Page MenuHomePhabricator

Non-alphanumeric characters in wgDBname break file uploads
Open, MediumPublic

Description

The default upload directory contains the database name, and is validated by FileBackendStore::isValidContainerName() which only allows alphanumberic characters, - and _, so any other character in the database name breaks uploads completely and results in an error message saying Could not create directory "mwstore://local-backend/local-public/<path>". The dot character (disallowed, apparently, for Swift compatibility) especially is a common pain point since databases are sometimes named after domain names.

The container name is generated from the DB name in FileBackendStore::fullContainerName(), so invalid characters should probably be escaped there.

Event Timeline

bzimport raised the priority of this task from to Low.Nov 22 2014, 1:21 AM
bzimport set Reference to bz44066.
bzimport added a subscriber: Unknown Object (MLST).

Hi grotlek, thanks for reporting and tracking this down!

In current git master (1.21wmf8) this function is located in the file
./includes/filebackend/FileBackendStore.php and you refer to this regex:

return preg_match( '/^[a-z0-9][a-z0-9-_]{0,199}$/i', $container );

grotlek wrote:

Hi Andre,

Yep, that's the one. It looks like it must have moved since 1.19. Sorry I don't have the code near me -- it's in a cold, dark and noisy room -- but from that, it looks like it's doing a case insensitive match anyways, so the only addition I'd suggest is a . character in the second square brackets. (I'm not sure whether I missed spotting that previously -- I was on a "just get it working" mission :-).

Of course, while this fixes my problem, I could not tell you whether:
a) it would have any unwanted side effects or implications elsewhere.
b) it would then make the regex cover all valid scenarios (i.e., do people use other characters?)

I was a bit hesitant from posting this at all, as I couldn't even figure out why it was fiddling with with the database name at all during file upload (it isn't using it in any obvious way -- the uploaded files don't go to a directory containing the DB name, for example). Given this, I'll back out at this point and let you more-knowledgeable folks handle it (if any change is warranted).

  • Grotty.

44949 is another report of this bug. The regex is so strict to catch any container names that would break cloud storage backends that may use a '.' to separate namespaces.
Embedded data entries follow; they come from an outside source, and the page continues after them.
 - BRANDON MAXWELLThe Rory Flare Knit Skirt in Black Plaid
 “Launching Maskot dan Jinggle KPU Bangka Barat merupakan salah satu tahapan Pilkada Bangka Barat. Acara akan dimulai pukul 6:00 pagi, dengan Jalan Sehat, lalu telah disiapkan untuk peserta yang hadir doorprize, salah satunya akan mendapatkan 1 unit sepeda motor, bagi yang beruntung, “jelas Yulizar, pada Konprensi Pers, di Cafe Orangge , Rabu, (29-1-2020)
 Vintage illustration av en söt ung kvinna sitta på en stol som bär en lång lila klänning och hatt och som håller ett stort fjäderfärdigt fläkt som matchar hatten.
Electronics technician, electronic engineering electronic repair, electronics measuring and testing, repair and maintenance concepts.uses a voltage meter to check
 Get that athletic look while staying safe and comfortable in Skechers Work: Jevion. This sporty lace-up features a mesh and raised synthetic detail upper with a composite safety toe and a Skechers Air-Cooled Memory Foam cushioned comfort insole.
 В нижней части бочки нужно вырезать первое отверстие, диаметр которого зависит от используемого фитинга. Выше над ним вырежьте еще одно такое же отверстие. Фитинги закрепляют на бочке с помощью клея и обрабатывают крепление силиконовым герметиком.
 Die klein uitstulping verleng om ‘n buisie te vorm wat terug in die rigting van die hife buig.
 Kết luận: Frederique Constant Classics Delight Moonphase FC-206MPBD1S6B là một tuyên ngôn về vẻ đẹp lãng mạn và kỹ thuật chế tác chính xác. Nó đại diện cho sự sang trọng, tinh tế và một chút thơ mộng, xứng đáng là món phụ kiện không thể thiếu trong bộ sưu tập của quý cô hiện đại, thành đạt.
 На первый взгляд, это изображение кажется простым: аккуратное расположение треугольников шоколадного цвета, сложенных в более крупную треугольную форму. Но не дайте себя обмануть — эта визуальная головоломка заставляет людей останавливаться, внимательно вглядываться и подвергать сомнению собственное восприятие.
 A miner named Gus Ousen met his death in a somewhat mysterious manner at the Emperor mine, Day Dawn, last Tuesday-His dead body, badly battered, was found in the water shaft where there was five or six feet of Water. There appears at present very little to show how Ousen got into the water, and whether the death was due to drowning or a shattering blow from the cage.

I just submitted a patch that leaves the strict regex in FileBackendStore but overrides it in FSFileBackend with a much more relaxed one that allows anything but '/'.

I suppose it would be appropriate to link to that commit: https://gerrit.wikimedia.org/r/83774/

FWIW due to how misleading the resulting error message is I think at least that should be improved, it is really confusing for end users particularly because searching for the error string leads to completely unrelated problems

Tgr renamed this task from Files cannot be uploaded when database name contains certain characters due to regex check in FileBackendStore.php to Non-alphanumeric characters in wgDBname break file uploads.Jan 19 2015, 10:40 PM
Tgr updated the task description. (Show Details)
Tgr added a project: MediaWiki-File-management.
Tgr set Security to None.
Tgr added subscribers: Krenair, Umherirrender, SmartK, aaron.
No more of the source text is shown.